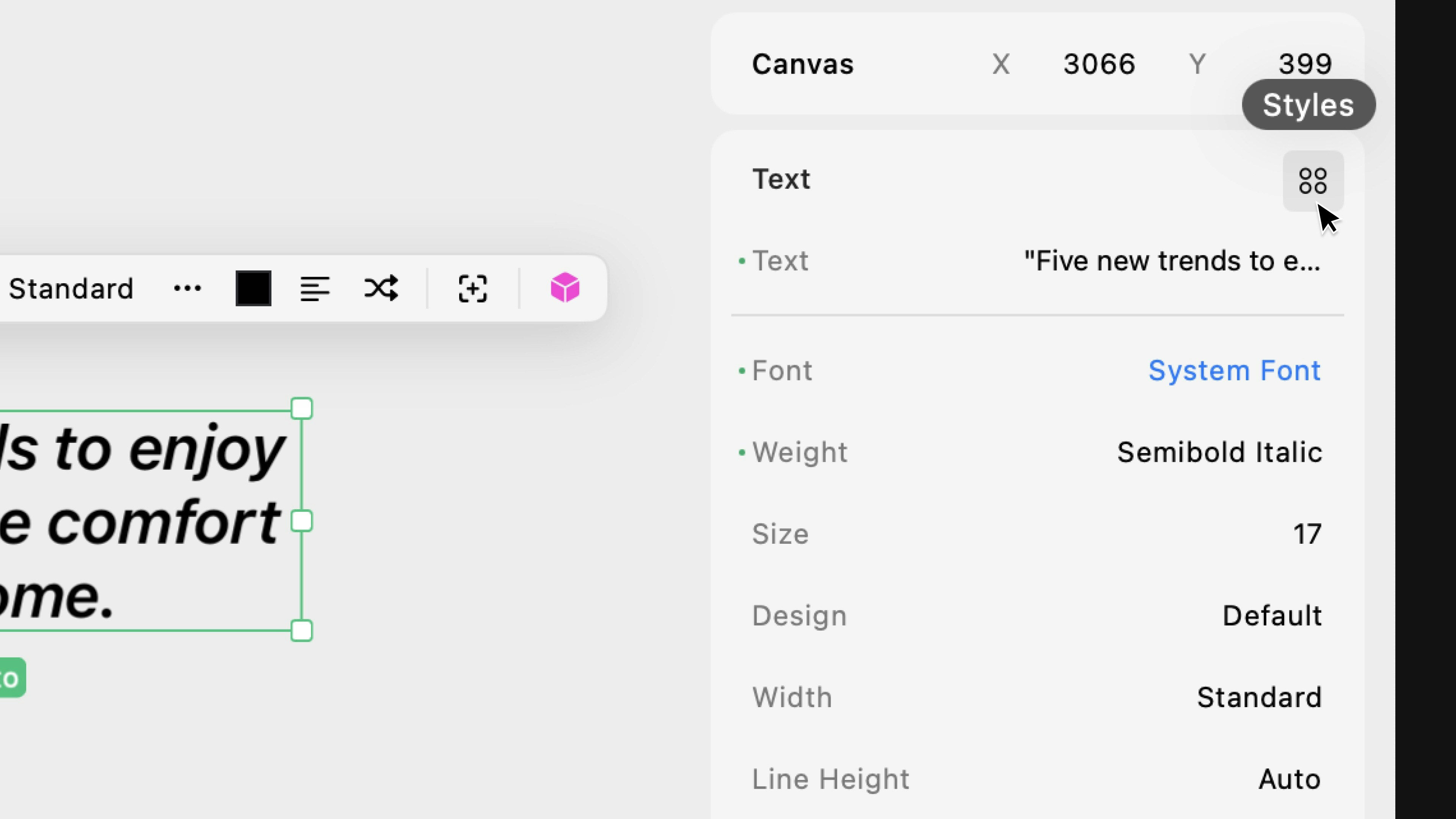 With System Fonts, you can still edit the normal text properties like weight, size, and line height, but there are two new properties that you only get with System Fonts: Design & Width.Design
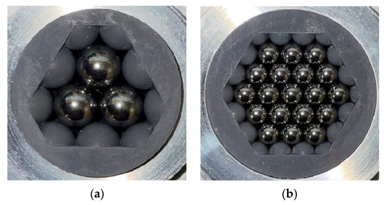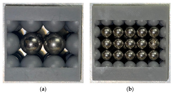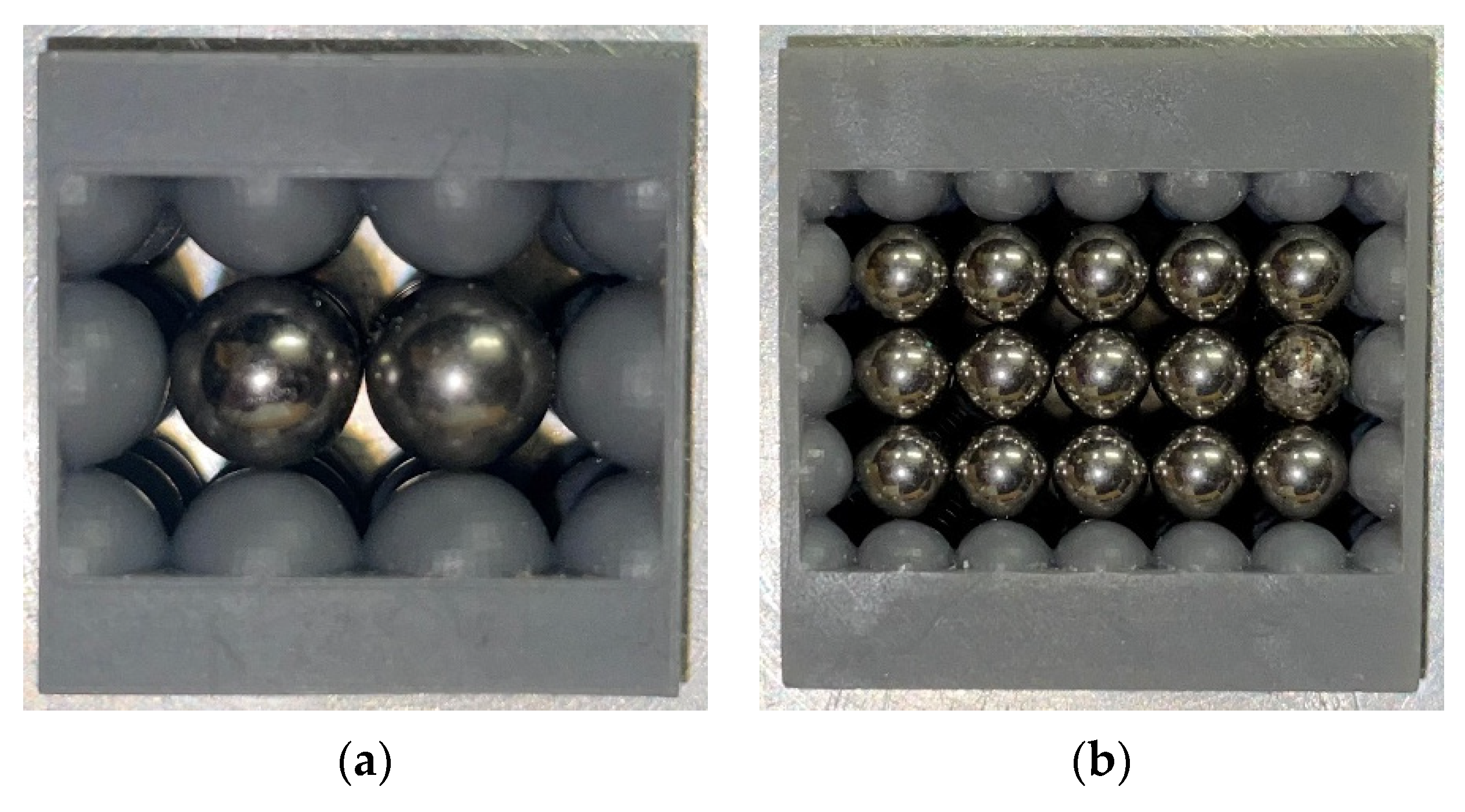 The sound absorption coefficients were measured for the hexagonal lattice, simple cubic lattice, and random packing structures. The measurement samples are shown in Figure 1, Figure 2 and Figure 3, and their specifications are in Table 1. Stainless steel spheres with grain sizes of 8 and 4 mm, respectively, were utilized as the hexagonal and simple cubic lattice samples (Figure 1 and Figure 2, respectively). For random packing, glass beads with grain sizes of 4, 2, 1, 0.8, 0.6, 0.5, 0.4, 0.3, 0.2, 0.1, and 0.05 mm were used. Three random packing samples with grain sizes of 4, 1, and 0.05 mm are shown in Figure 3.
================================
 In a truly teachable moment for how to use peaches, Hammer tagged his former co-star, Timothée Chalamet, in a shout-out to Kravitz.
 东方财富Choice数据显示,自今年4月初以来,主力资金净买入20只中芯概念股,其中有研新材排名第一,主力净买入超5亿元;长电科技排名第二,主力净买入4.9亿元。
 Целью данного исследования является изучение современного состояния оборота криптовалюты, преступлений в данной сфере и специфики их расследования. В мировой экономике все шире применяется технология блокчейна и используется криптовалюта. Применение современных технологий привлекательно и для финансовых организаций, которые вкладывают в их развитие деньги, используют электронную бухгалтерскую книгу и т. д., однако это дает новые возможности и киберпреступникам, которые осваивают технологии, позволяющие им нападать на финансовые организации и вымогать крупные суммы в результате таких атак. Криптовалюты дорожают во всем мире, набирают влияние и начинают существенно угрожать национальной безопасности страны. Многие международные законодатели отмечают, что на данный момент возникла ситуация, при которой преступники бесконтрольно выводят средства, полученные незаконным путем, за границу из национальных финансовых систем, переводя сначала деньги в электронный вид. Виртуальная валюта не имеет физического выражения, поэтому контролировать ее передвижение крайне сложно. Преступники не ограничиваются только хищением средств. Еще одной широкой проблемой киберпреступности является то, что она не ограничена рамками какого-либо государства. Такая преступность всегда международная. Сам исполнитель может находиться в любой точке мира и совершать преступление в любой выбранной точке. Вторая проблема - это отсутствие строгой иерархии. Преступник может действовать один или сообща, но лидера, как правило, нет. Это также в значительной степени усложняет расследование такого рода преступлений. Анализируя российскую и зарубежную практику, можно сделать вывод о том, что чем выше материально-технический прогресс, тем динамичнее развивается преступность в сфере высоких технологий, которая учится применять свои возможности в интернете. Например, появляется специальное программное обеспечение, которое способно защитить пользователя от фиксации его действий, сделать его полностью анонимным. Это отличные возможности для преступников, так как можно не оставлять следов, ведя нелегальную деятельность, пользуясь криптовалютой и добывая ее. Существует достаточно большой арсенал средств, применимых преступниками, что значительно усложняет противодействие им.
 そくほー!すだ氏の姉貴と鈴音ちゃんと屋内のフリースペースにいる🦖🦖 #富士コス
================================
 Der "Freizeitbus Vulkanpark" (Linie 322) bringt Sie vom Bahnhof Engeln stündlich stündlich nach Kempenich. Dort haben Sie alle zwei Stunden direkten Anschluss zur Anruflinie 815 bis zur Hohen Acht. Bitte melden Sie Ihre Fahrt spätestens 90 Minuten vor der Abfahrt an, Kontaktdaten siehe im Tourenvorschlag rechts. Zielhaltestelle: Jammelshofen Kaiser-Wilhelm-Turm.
================================
### Work to be completed
From the records above, extract the lines from the one holding "With System Fonts, you" through the one holding "The sound absorption", word for word; omit the pictures.

### The completed task
 With System Fonts, you can still edit the normal text properties like weight, size, and line height, but there are two new properties that you only get with System Fonts: Design & Width.Design
 The sound absorption coefficients were measured for the hexagonal lattice, simple cubic lattice, and random packing structures. The measurement samples are shown in Figure 1, Figure 2 and Figure 3, and their specifications are in Table 1. Stainless steel spheres with grain sizes of 8 and 4 mm, respectively, were utilized as the hexagonal and simple cubic lattice samples (Figure 1 and Figure 2, respectively). For random packing, glass beads with grain sizes of 4, 2, 1, 0.8, 0.6, 0.5, 0.4, 0.3, 0.2, 0.1, and 0.05 mm were used. Three random packing samples with grain sizes of 4, 1, and 0.05 mm are shown in Figure 3.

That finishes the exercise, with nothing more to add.